**What you have to do:** Beginning with the line that contains "Lyrics of He" in the material below, print each line exactly until the line that contains "Вылить сверху на" has been printed, then stop.

**Material for the task:**
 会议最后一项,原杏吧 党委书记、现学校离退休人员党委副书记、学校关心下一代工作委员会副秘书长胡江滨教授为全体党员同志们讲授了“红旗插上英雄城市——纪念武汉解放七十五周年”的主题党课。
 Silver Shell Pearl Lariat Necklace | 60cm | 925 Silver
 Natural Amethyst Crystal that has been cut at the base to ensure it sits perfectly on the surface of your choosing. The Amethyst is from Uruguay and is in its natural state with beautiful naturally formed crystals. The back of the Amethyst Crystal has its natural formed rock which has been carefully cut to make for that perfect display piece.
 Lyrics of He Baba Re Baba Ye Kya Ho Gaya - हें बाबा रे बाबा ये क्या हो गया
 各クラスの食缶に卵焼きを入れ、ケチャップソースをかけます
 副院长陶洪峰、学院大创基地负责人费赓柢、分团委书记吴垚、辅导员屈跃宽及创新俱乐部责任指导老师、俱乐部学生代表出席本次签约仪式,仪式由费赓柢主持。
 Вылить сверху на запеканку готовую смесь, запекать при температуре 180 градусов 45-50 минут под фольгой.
---
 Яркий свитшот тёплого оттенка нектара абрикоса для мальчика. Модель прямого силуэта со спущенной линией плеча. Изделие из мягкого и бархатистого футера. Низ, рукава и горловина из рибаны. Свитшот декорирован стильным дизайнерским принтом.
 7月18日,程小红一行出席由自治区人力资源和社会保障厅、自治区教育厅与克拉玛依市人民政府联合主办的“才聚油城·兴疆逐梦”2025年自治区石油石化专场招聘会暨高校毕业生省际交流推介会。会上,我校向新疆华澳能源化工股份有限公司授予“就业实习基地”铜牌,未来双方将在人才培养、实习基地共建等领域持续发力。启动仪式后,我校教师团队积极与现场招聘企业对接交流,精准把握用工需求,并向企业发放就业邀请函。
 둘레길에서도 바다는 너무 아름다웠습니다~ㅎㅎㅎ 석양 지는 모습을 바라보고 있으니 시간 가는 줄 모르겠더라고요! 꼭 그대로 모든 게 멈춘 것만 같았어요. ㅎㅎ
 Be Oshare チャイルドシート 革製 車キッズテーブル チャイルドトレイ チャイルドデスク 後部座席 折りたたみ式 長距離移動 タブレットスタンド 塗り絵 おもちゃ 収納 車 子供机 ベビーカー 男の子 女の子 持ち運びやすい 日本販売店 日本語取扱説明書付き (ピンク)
* * *
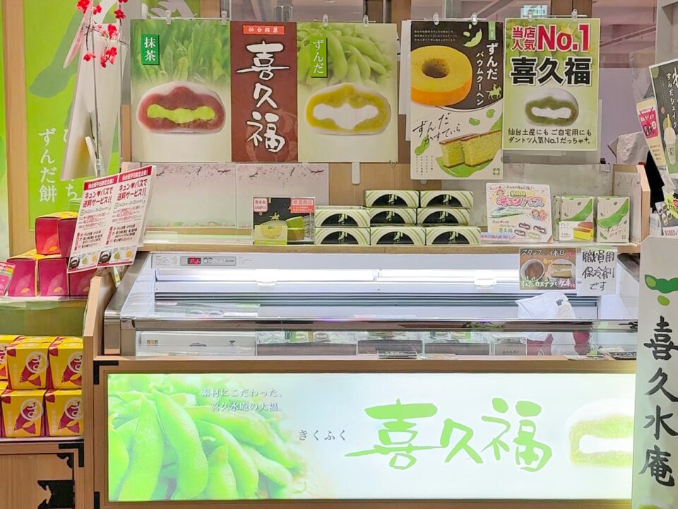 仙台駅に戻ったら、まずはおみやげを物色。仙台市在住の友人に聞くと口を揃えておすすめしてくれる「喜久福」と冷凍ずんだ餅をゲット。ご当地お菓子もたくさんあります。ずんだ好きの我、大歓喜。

**Exercise solution:**
 Lyrics of He Baba Re Baba Ye Kya Ho Gaya - हें बाबा रे बाबा ये क्या हो गया
 各クラスの食缶に卵焼きを入れ、ケチャップソースをかけます
 副院长陶洪峰、学院大创基地负责人费赓柢、分团委书记吴垚、辅导员屈跃宽及创新俱乐部责任指导老师、俱乐部学生代表出席本次签约仪式,仪式由费赓柢主持。
 Вылить сверху на запеканку готовую смесь, запекать при температуре 180 градусов 45-50 минут под фольгой.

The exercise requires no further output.